As a member of the Lincolnshire Branch, I have been involved in Association reunions, Armistice Day, National Arboretum, visits to RAF Honington and various other events, which all feature, not least, the celebration of friendships that I cannot place too high a price on. I preserve an abiding interest in our Association and believe that we share a collective responsibility to maintain it in the best possible shape for its future custodians.
I served from 1969 – 1992 on 15 Sqn, 66/37 Sqns, 48 Sqn, GDT and HQ 3 Wing. When my medical category changed (Gunner’s Ear), I re-mustered to MT, serving at RAF Coningsby and RAF St Athan. I joined the Association of Warrant Officers and SNCOs in 1983 and am currently on their committee as a Retired Member. I joined the RAF Regiment Association in May 1999 and became Chairman of the Hereford Branch of the Association in 2000, a role I still occupy. I have been actively involved in past Association committees and NEC groups. I enjoy, foster and maintain the RAF Regiment spirit of friendship and comradeship amongst members. I am also a member of the Royal Air Forces Association (Advice/Welfare).
I believe that is my primary duty to bring the concerns of the membership and branches to the forefront and I fully support the RAF Regiment Association National Compliance Committee. I believe that this is the way ahead and I am willing and able to serve for the 3 year term of office. I will do all I can to uphold the ethos and traditions of the RAF Regiment.

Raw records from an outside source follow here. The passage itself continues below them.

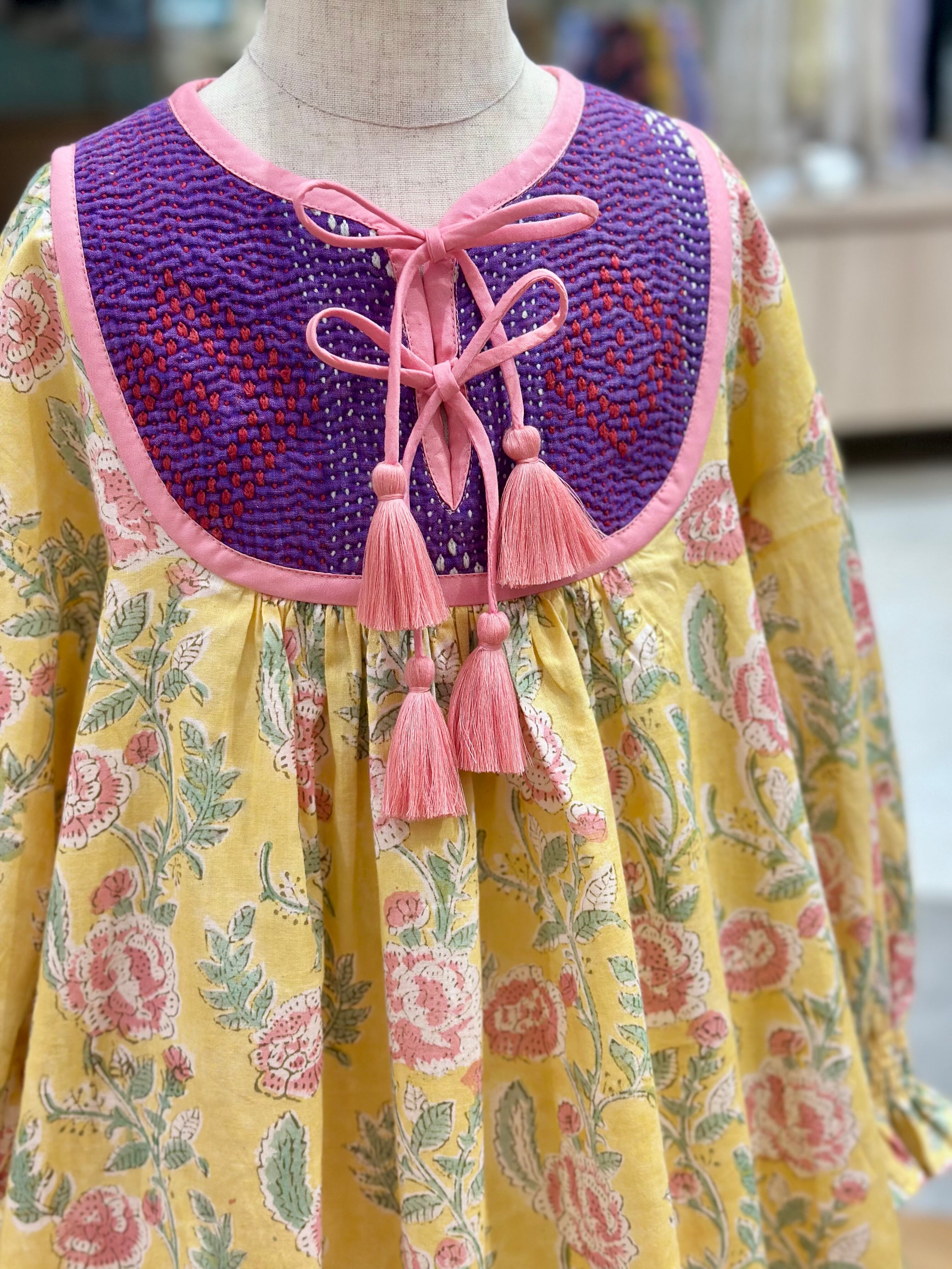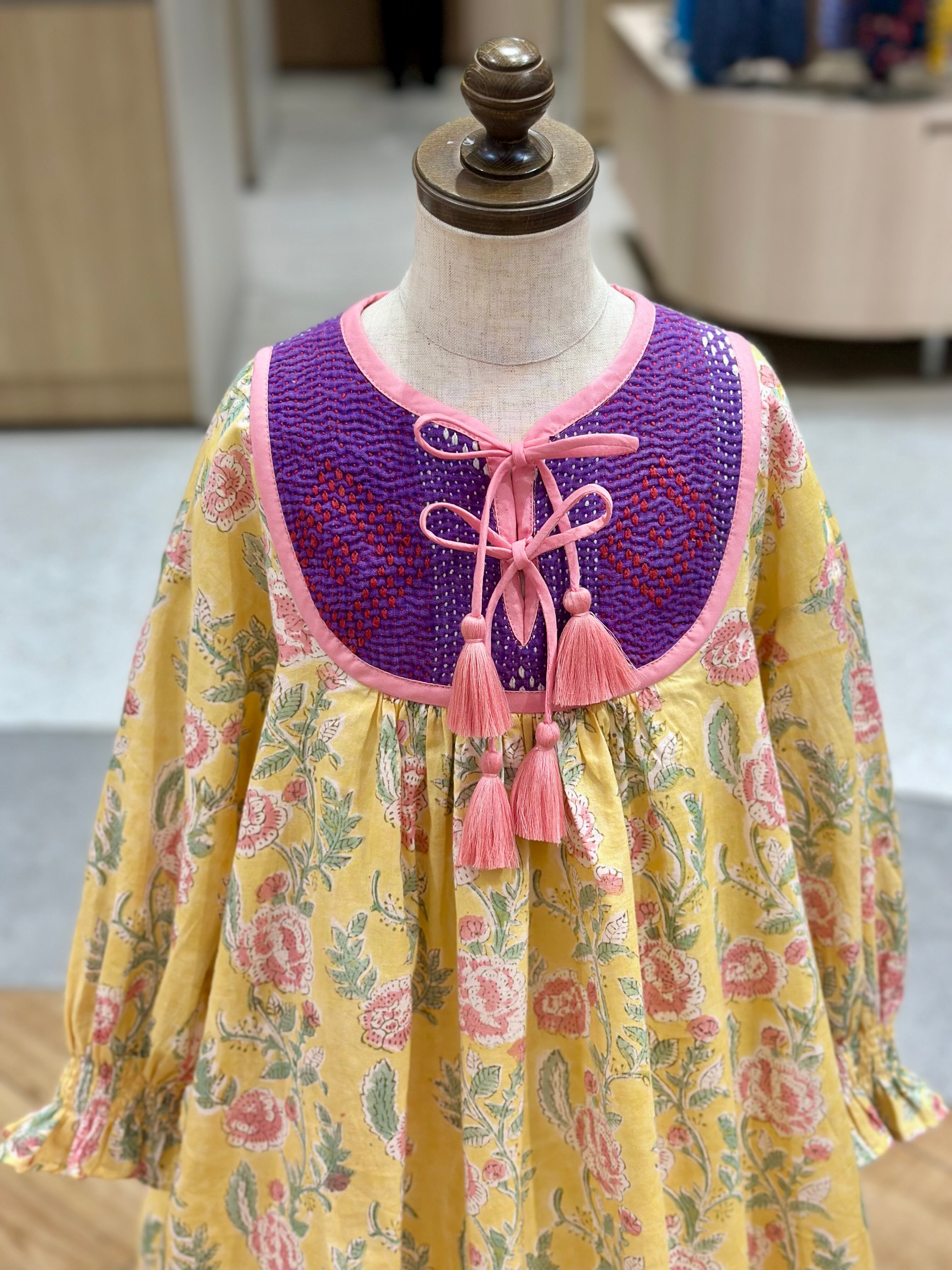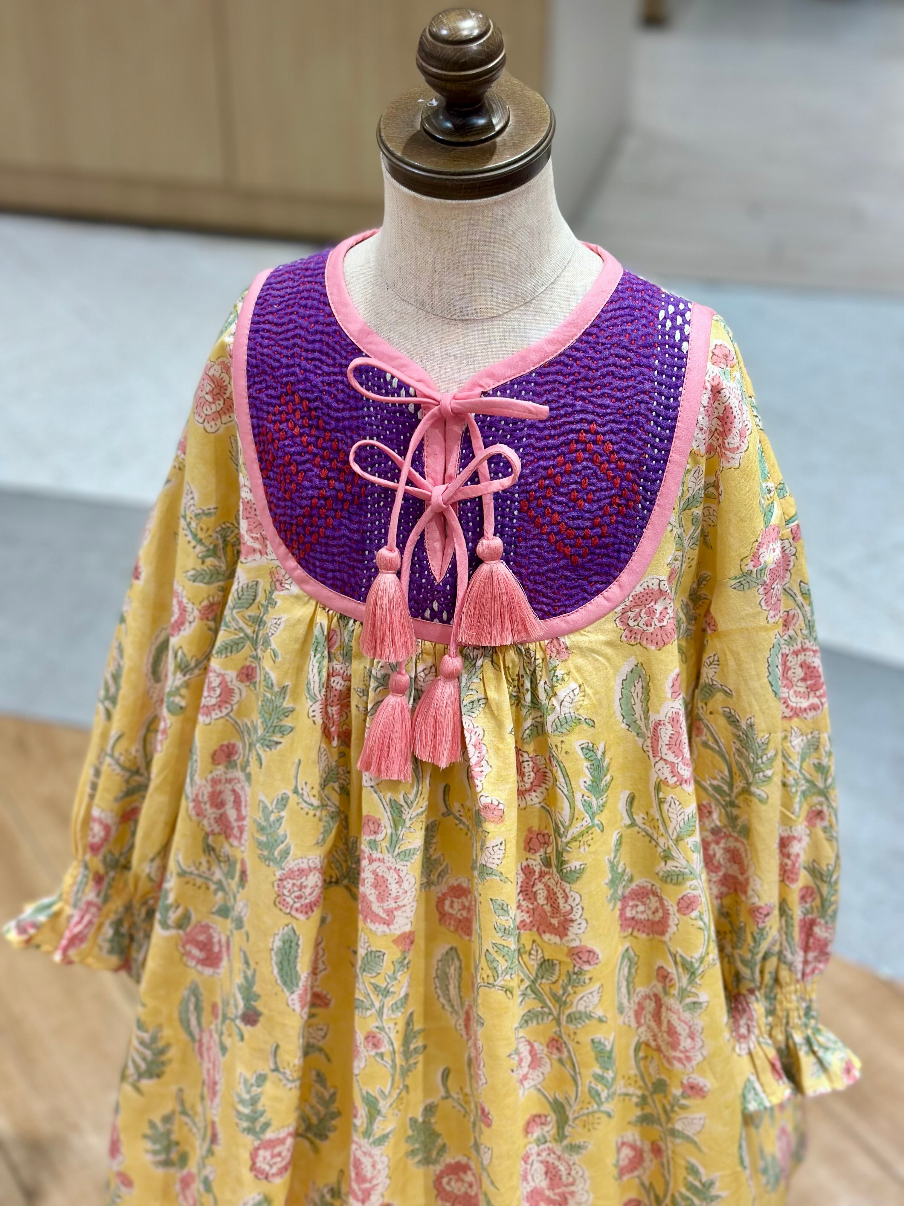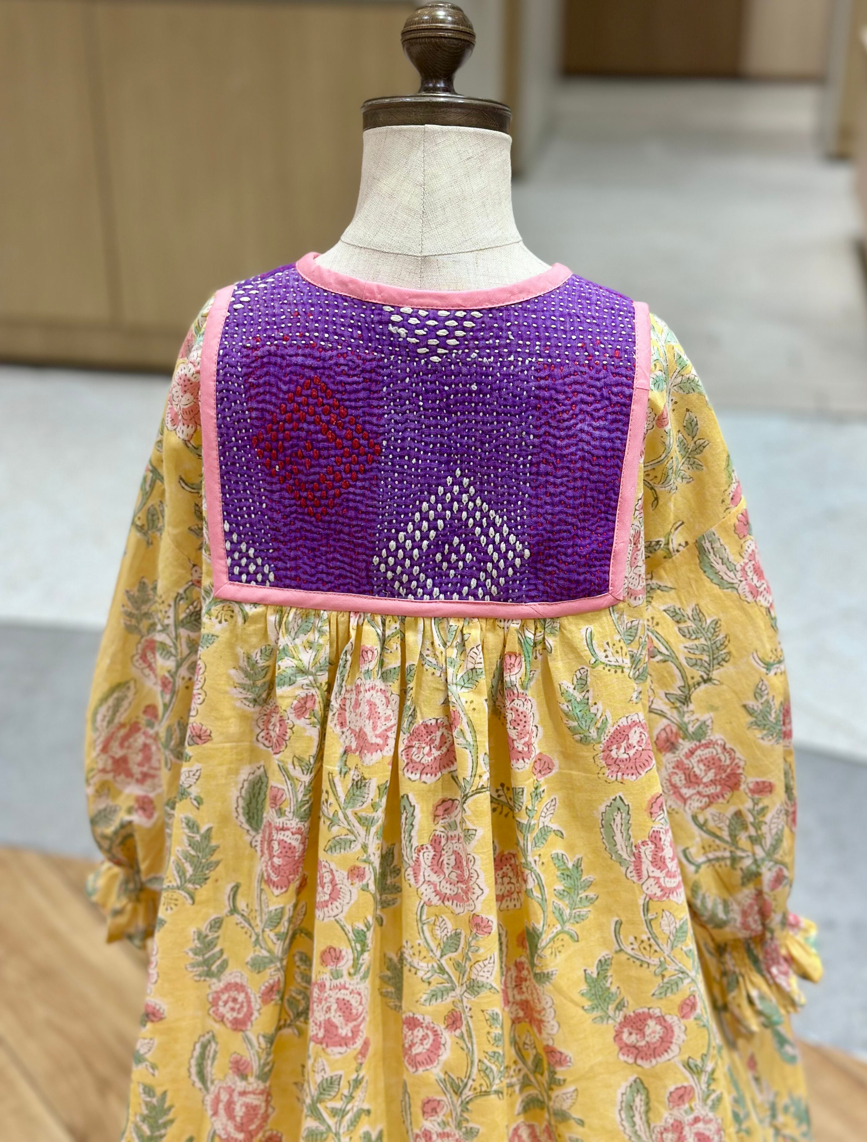No.IN05|ハンドメイ女の子一点物インド綿カンタキルトワンピース
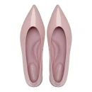 Натуральная лакированная кожа верха придает обуви элегантный блеск и легко очищается от пыли, что особенно актуально в летний сезон. Розовый цвет добавляет женственности образу и хорошо сочетается с базовым гардеробом. Удлиненный закрытый мысок визуально вытягивает стопу и защищает пальцы от внешних воздействий.
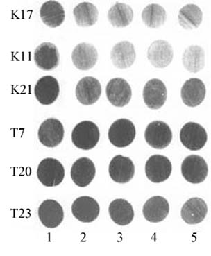 Fig. 18. Determination of paraquat sensitivity in leaves of transformed and control plants of Skala wheat. K17, K11, and K21 are control plants; T7, T20, and T23 are transformed plants. Paraquat concentrations are 1, 0 mM; 2, 0.125 mM; 3, 0.250 mM; 4, 0.5 mM; and 5, 1 mM.
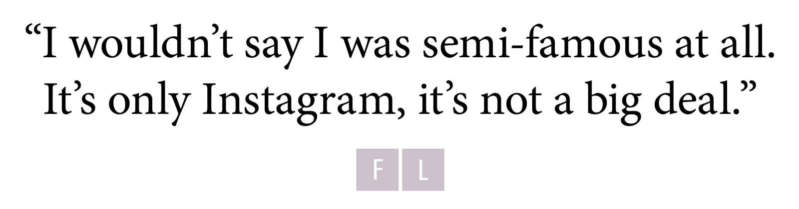 Ha ha. I wouldn’t say I was semi-famous at all. It’s only Instagram, it’s not a big deal.
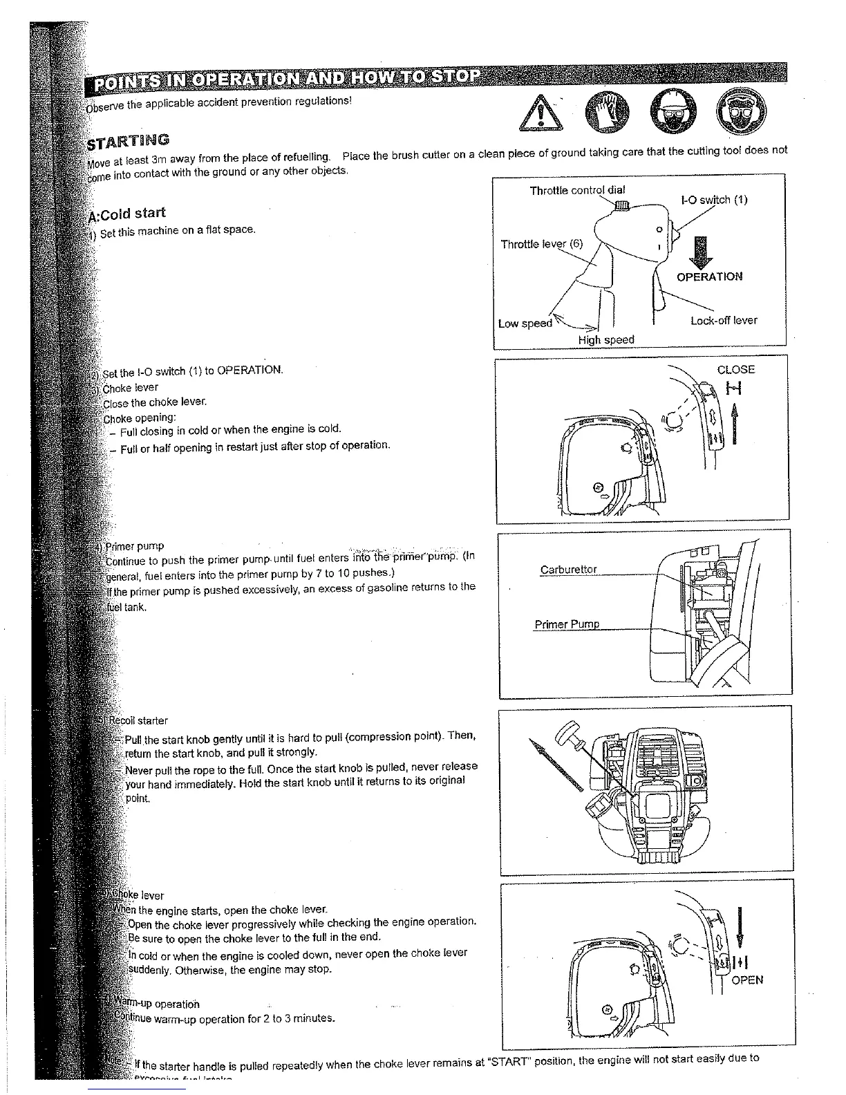 Robin BH3500 - OPERATION AND STOPPING PROCEDURES; Starting the Brush Cutter; Stopping the Brush Cutter
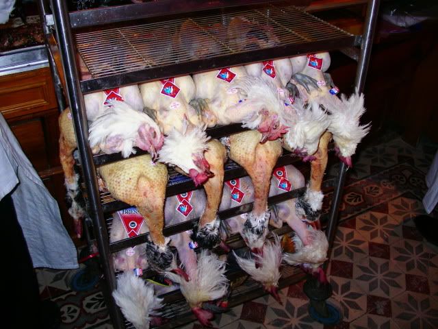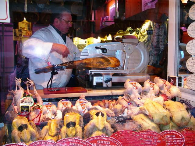 Первый не понравился ассортиментом, хотя и дешевле, а вот Казино оставил самые хорошие впечатления. А уж какие колоритные личности там работают, это что-то! Рыбным отделом заправляет дедок в кепке с большими усами. Точно рыбак из Марселя времен Наполеона. Он с таким достоинством и улыбкой встречает клиентов, бонжур мсьё, что хочется покупать только у него. Рядом прилавок с кулинарией, а за ним румяная шоколадная барышня в цветной гавайской одежде, с какими-то немыслимыми перьями и заколками на голове. Она постоянно веселится и громко включает музыку, что задорные карибские мелодии слышны при входе в маркет. Все отлично в нем. Кроме цен. Последние, если не шокируют, то большой радости не вызывают. Все овощи по 2-3 евро за кг, молоко 1,8 за литр, куры по 5-6. Сразу с грустью вспоминаю Испанию. Но за то какие это куры! С ними у нас приключилась забавная история. Как-то, гуляя по острову Сан Луи, мы наткнулись на мясную лавку (напротив Бертильон). Мясник настолько мастерски орудовал огроменным топором, а мясо на прилавках показалось таким аппетитным, что мы не устояли и соблазнились свежей курочкой, дабы сварить отменный суп.
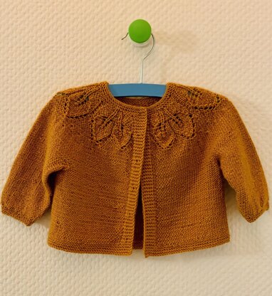 The Leaves Cardigan is worked seamlessly from the top down, starting with a circular yoke, then working the body and the sleeves separately. The cardigan is worked in reverse stockinette. The 6-stitch buttonbands are worked together with the rest of knitting in garter stitch.
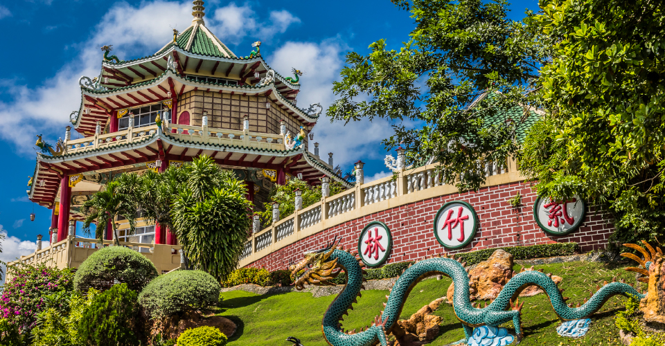 セブ島の高級住宅街・ビバリーヒルズにある、セブシティ観光には外せないスポットのひとつ。1972年に華僑の富豪たちの寄付により建てられました。そのため中国様式で、色鮮やかな赤と緑を基調とし、中には中国の思想家「老子」の教義が祭られています。「七重の塔」や「願いの泉」、本堂や大広間など見どころは多数ありますが、一番のおすすめはセブシティを一望できる最上部からの眺め。思わず写真に収めたくなる美景が楽しめます(撮影対象に制限あり)。
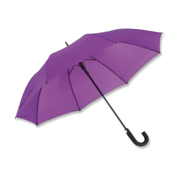 automatico in resistente poliestere 190D con rivestimento particolarmente repellente all’acqua, stecca nera in metallo, pulsante d’apertura satinato argento, impugnatura ergonomica in materiale antisdrucciolo, ampio spazio per la personalizzazione
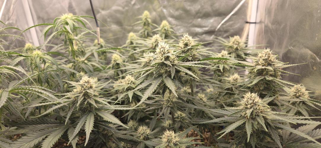 Spacehaze123 Flower has now fully set in on the lemon cherry cookies and the blue dream (the small one in the back). The chem candy seems to be lagging behind a little bit. This will not be a good run I guess :p. But I'm happy with what I get. Can't wait to get the tent free for one of the photoperiods though xD.
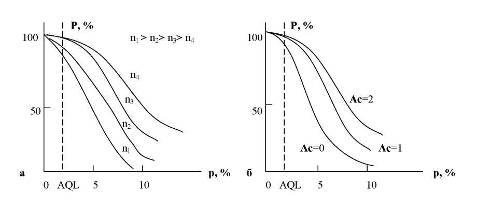 Уровни контроля отличаются друг от друга объемом выборки n и требованиями к контролю, что выражается крутизной оперативной характеристики.
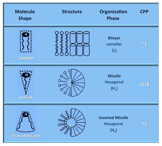 Schematic diagram of the effect of molecular shape on the structure of the three main types of amphiphilic aggregates. CPP: critical packing parameter (adapted with modifications from Kulkarni 2016; Lasic 1998).
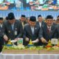 Ketua DPD Partai Gerindra Sumatera Utara Ade Jona Prasetya, Anggota DPR RI Sugiat Santoso, serta kader dan pengurus Partai Gerindra.
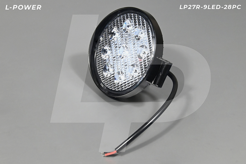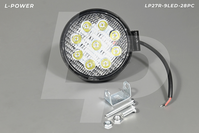 Фара доп. рабочая круглая, рассеиваемый свет, 9 диодов 27W (115х28х142) LED 12/24V L-POWER LP27R-9LED-28PC
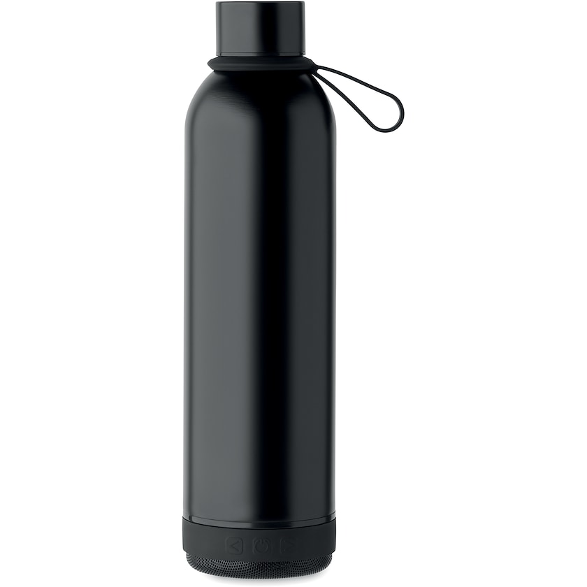 Termos irrotettavalla langattomalla kaiuttimella. Termoksessa on kaksinkertaiset tyhjiöeristetyt seinät ja se on valmistettu 90 % kierrätetystä ruostumattomasta teräksestä ja 10 % ruostumattomasta teräksestä. Vesitiivis. Kaiutin on poistettava puhdistusta varten.
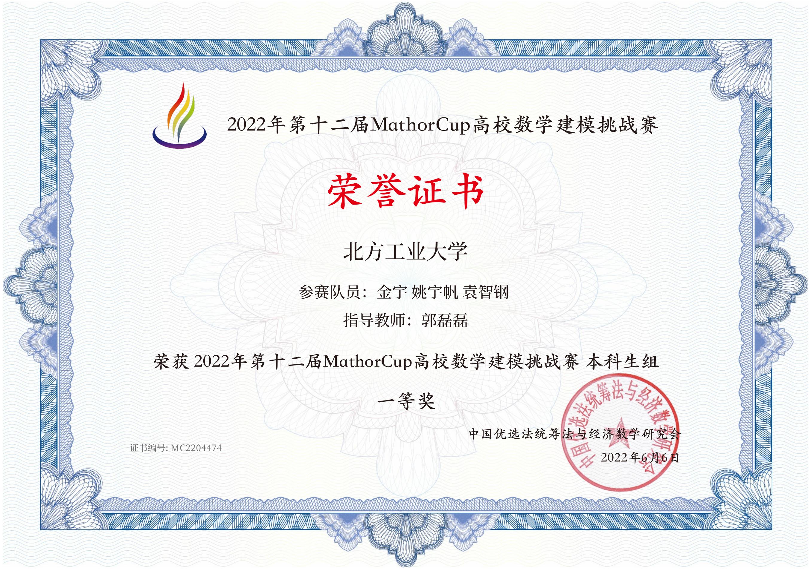 近日,2022年第十二届MathorCup高校数学建模挑战赛成绩揭晓。公司24个代表队参赛,共获得一等奖1项(3人),二等奖3项(9人),三等奖8项(24人)。公司被评为“优秀组织单位”,指导教师郭磊磊被评为“优秀指导教师”。

I served in the RAF Regiment from 1984 until 1995, serving on 58 Sqn, 3 Sqn, back to 58 Sqn, then finally 34 Sqn. Although ‘on the books’ until 1995, my career ended in October 1993 due to serious injury that resulted in medical discharge – and indeed a whole change of life. Since leaving the Service I have dealt with web design and publishing, working with the press, and utilising technology proactively to achieve desired results. Using current technologies and social media, I have supported my own charity fundraising for Service-related charities to good effect.
I am keen to serve on the NCC so that my experience can be utilised to help bring the RAF Regiment Association up to date, to help membership to flourish, and to help ensure that the expressed wishes of the membership to the NMC are fulfilled. I believe that the Corps deserves an Association befitting its rich history and bright future, and so it will be a pleasure to be able to help in any capacity.
I served in the RAF Regiment for 12 years in both UK and RAF Germany. I served (twice) with 58 Sqn and also with 1 Sqn, I was a CVRT driver and Scorpion gunner and saw service in Northern Ireland. I was also involved in SD 814 duties (special weapons security) at RAF Marham.
When I left the Service I “did the knowledge” and am now a self-employed taxi driver in London. For the last year I have been working as a volunteer with the RAF Regiment Museum team – contributing at least 2 days a week to work in the place.
I want to see more of my generation involved in the RAF Regiment Association as a means of maintaining the spirit of the Corps and connecting with the lads still in. I believe that, to do that, we need to be more open and transparent and to communicate more – and we need to listen more. Most of all we need to move forward and get over some of the attitudes that are putting off people from my generation from joining. I hope to be able help to do this through the NCC.